Monday, November 23, 2009

“Dr. Suzuki to Emergency! Stat!”

As all hell breaks loose in the world of Global Warming, Canada’s leading voice for environmental protection and climate change seems to have suddenly gone quiet. Where is the reaction to last week’s bombshell revelations from Dr. David Suzuki?

Did he know about any of this?

And if he did, what does he have to say now?

davidsuzuki

For those who still get their news from the mainstream media, on November 19, 2009, a large amount of climate change related data was stolen from servers at the University of East Anglia by a hacker and subsequently posted on the web.

Contained in the hundreds of purloined documents, verified as authentic by Phil Jones, director of the institution’s Climate Research Unit, are scientific papers, research test results and emails overwhelmingly suggesting that Global Warming has been a well orchestrated fraud.

The released files include emails between some of the most respected scientists researching climate change in which they collude to make certain their findings support their Manmade Global Warming thesis when the actual test results do not.
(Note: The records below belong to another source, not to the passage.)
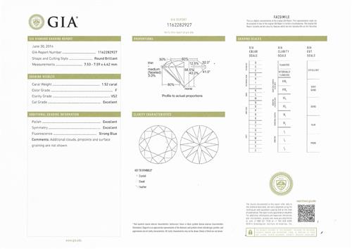 a GIA report numbered 1162282927, dated 30 June 2014, stating that the 1.52 carat diamond is F colour, VS2 clarity;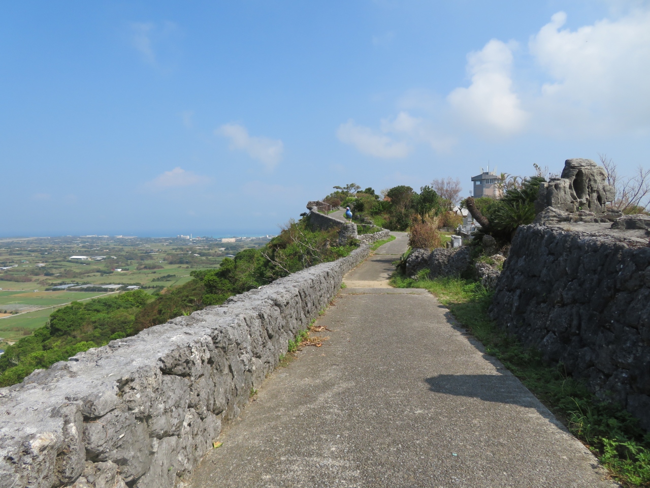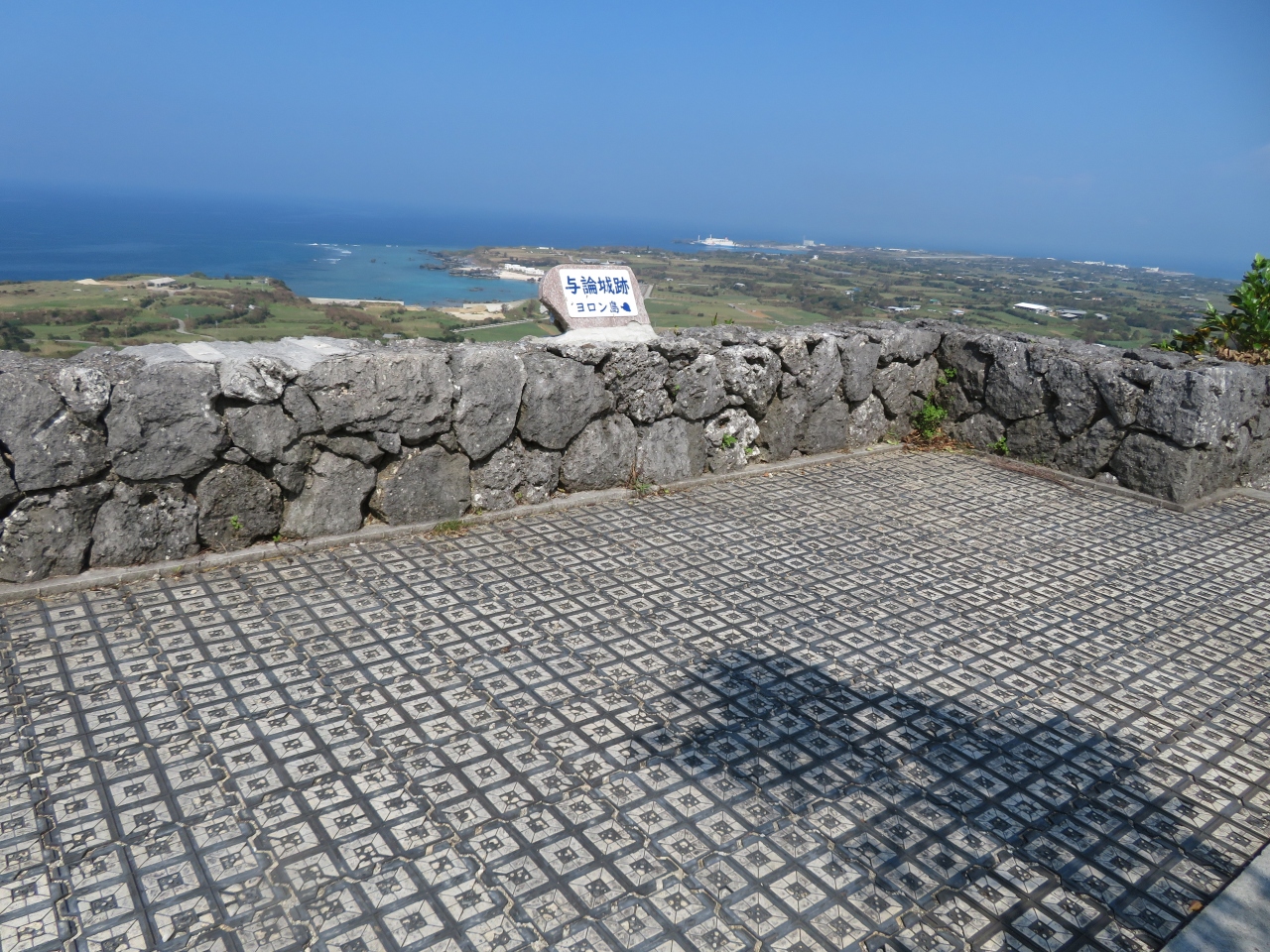 島の南側の高いところにあるのが与論城跡なのですが、築城中に王国が滅亡してしまってお城は未完成だったとのこと。現在は石垣だけが残っていて神社がありました。高いところで景色が良く、ちょうど那覇からのフェリーが入港してくるところを見ることができました。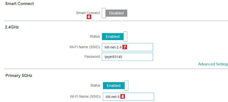 Hvis Smart Connect 6 er aktiveret, skal du deaktivere det. Det er en funktion, som smelter de to frekvenser sammen i samme navn. Skriv nu et navn til 2.4-GHz-netværket 7, og husk at inkludere 2.4 i navnet, så du kan genkende det. Udfyld også 5-GHznetværkets navn og skriv 5 som en del af navnet 8. Klik på Save.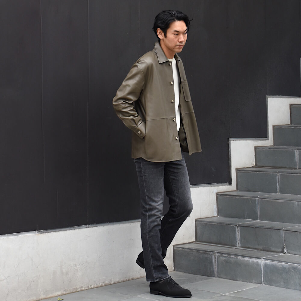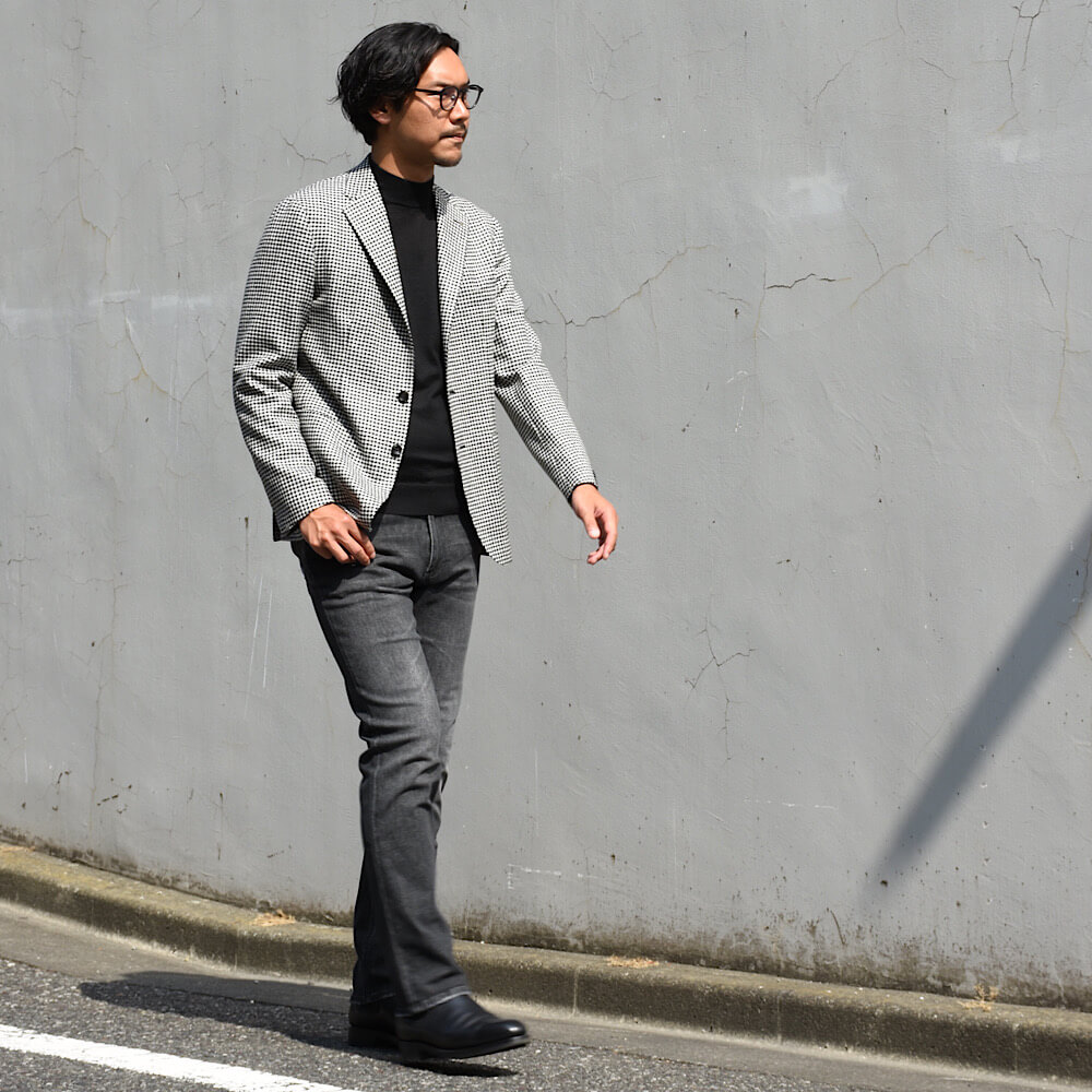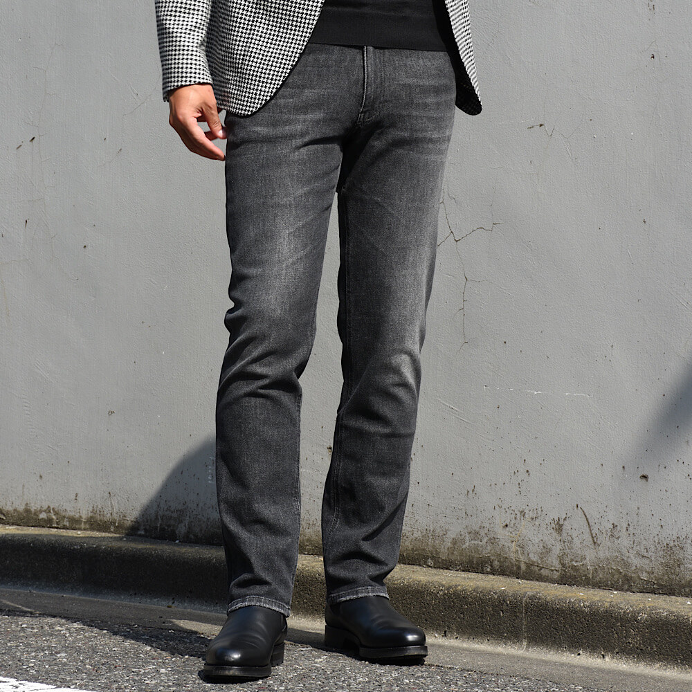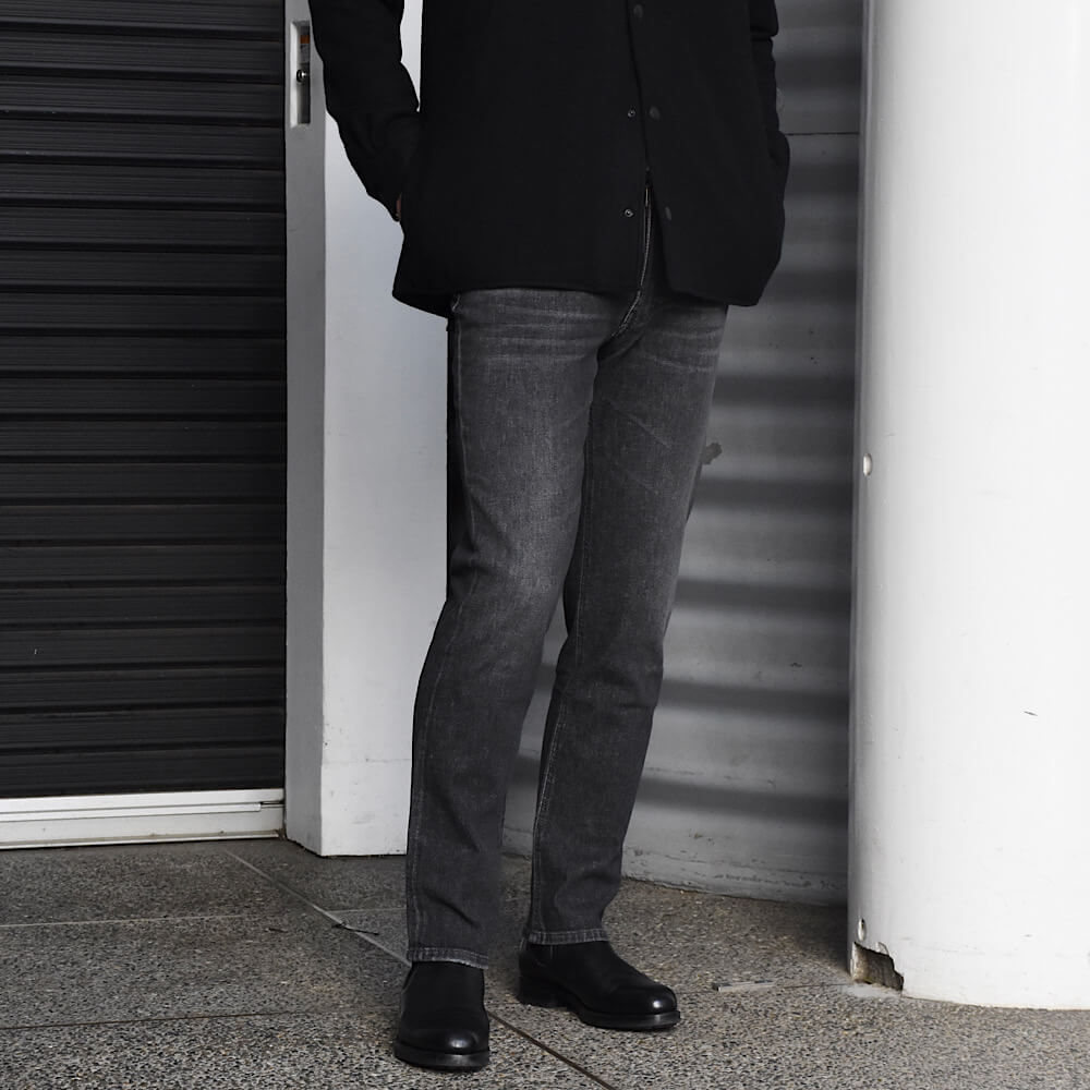 ・生地は12オンスのブラックデニムをミディアムウォッシュし、軽めの加工を入れることでこなれ感を加えたもの。色合いと加工具合にやり過ぎ感がなく、年齢問わず取り入れやすい仕上がりです。

Instructions are given on erasing any email trails that might reveal their collusion. And in some cases, people are instructed on how to destroy the reputations of fellow scientists who might question their findings.
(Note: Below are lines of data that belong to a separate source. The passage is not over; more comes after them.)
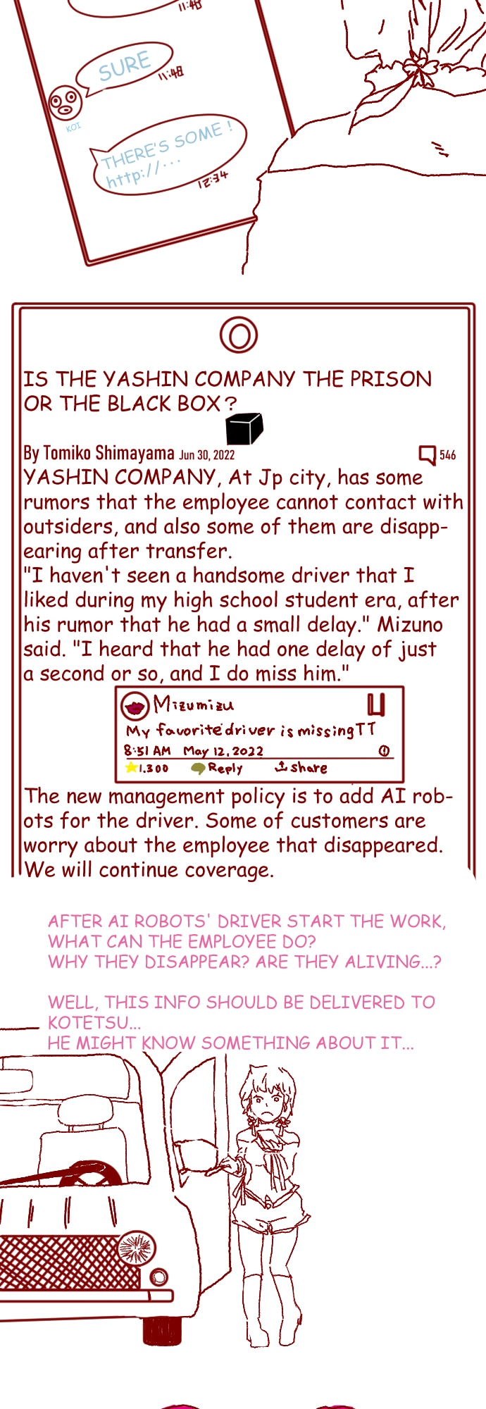 The new driver, KOTETSU is interested in researching his mother's health and his company's darkside. He decided to cooperate with the newspaper reporter, AMBER. But It means the company's rule "Do not contact with outsiders" were broken by him. The CEO noticed it and tried to stop him and...
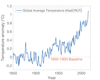Kuten alla olevasta kaaviosta käy ilmi, riippumatta siitä, mitä lähtökohtaa käytämme, on selvää, että maapallon lämpötila on noussut jyrkästi viime vuosisadan aikana.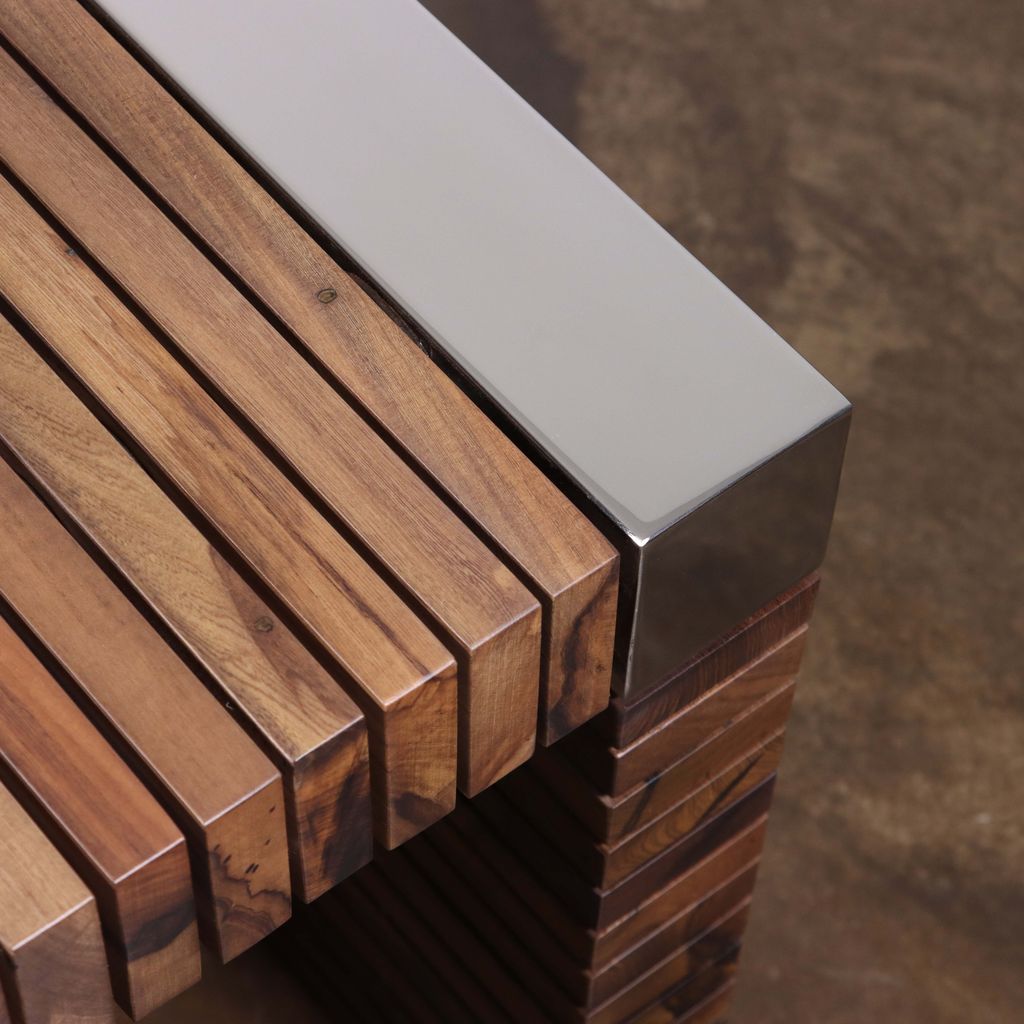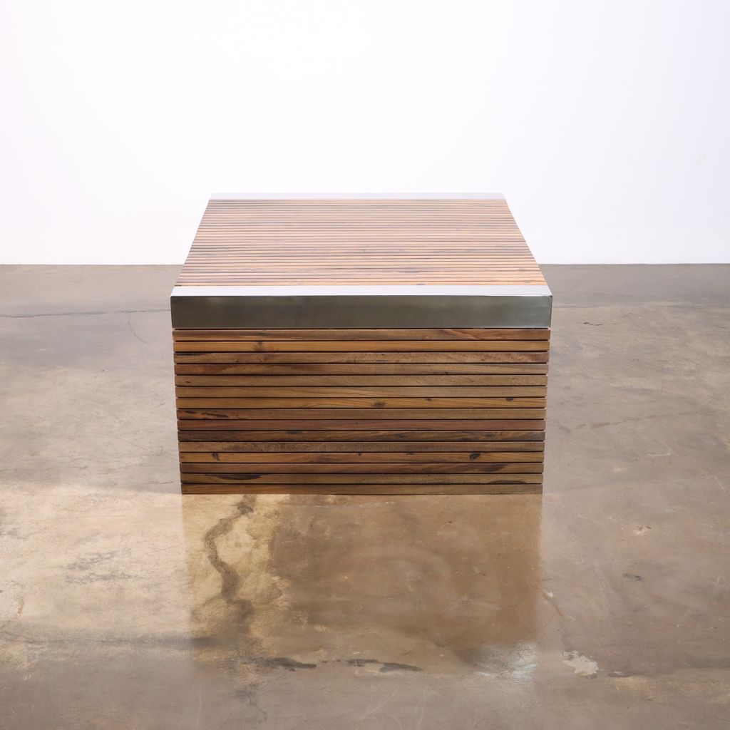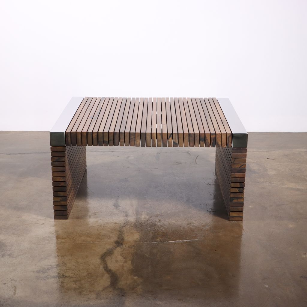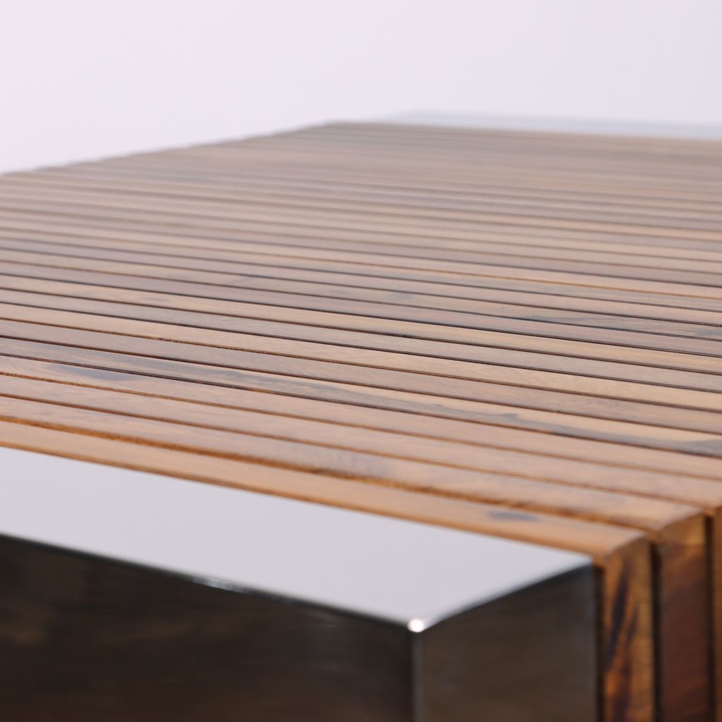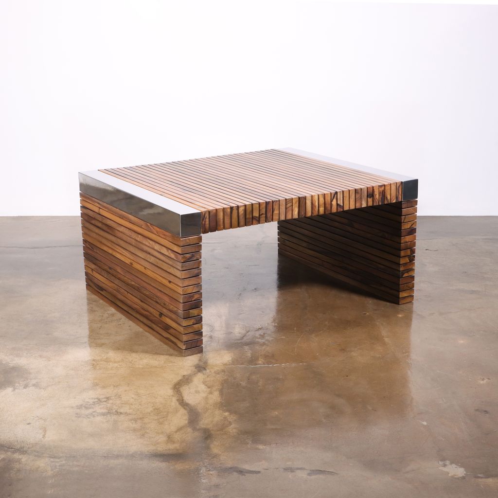 The Argilla Table is a study of contrasts, comprised of repeated wood slats suspended in air by a metal skeleton and disks that prevent the slats from touching one another. Its corners are adorned with nickel-plated bars of metal. Customizable in any size, shape or finish. The name comes from the Italian word for clay, which is what designer William Stuart used to make the original model.

The material contains countless passages like this one, “I tried hard to balance the needs of the science and the IPCC (United Nations Intergovernmental Panel on Climate Change), which were not always the same. I worried that you might think I gave the impression of not supporting you well enough while trying to report on the issues and uncertainties.”
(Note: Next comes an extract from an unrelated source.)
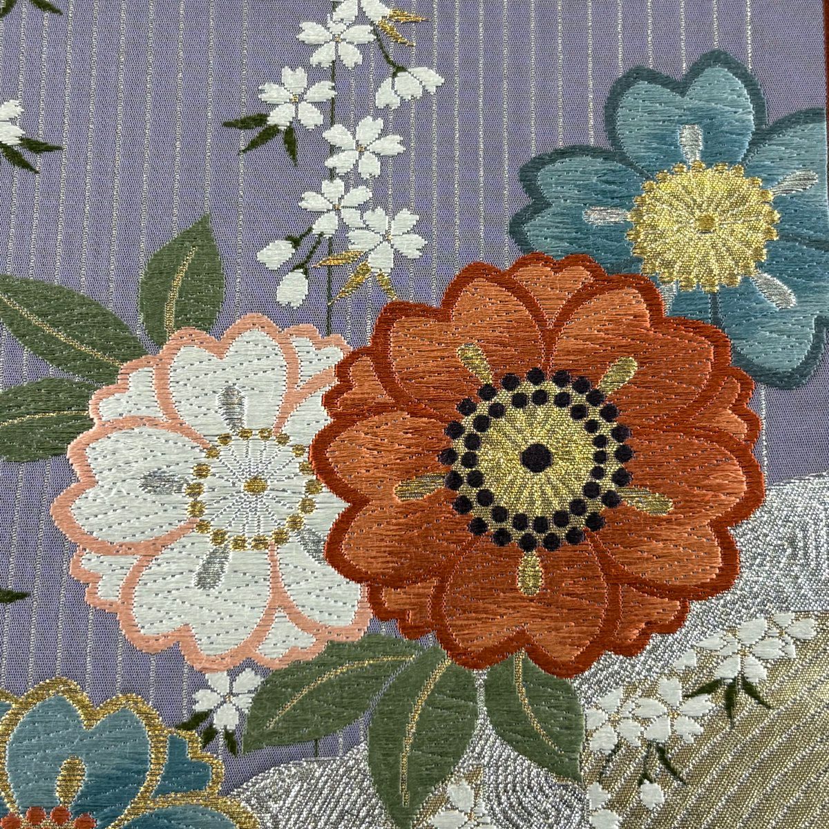 【美品】 袋帯 秀品 鈴乃屋 桜 縞 唐織 金銀糸 青紫 六通 正絹

In other words, researchers aware that peer approval and billions in research grants were only there for those who supported the concept of Anthropomorphic Global Warming were willing to skew or bury contradictory results and maybe find ways of helping the cause at the same time.

You can find more thoughtful explorations of the implications of all this through the links at the end of this post.

But I still want to hear from Dr. Suzuki.

Like most Canadians, I learned most of what I know about Science through the CBC radio show “Quirks and Quarks” which Dr. Suzuki started in 1974 and “The Nature of Things” his CBC TV series that has been a network mainstay since 1979.

I’d venture to say there is barely a Canadian with any environmental awareness who doesn’t owe it, in whole or in part, to the good doctor. He’s long been one of our most admired citizens and in the past years has also been our point man on Climate Change, hammering one local or foreign government after another for dragging their heels in addressing Climate Change.

A couple of years ago, however, I was stunned when Suzuki angrily walked off a Toronto radio show after being asked a fairly benign question about the so-called “Global Warming Debate”. As far as Suzuki was concerned, the debate was over, the science was settled, man-made emissions were the cause of the problem and without an immediate change to the way we live, the planet was doomed.

He wasn’t wasting his time changing minds anymore.

It was the phrase, “the science is settled” which bothered me and bothered me more as I heard it from other environmentalists and political activists like former US Vice President Al Gore.

It was a phrase that seemed to be spit in the face of people sincerely asking what they felt were legitimate questions. It was the way environmental activists pulled informational rank on anyone who would dare question their facts and predictions.

We know this is true. There is no longer any debate. The science is settled.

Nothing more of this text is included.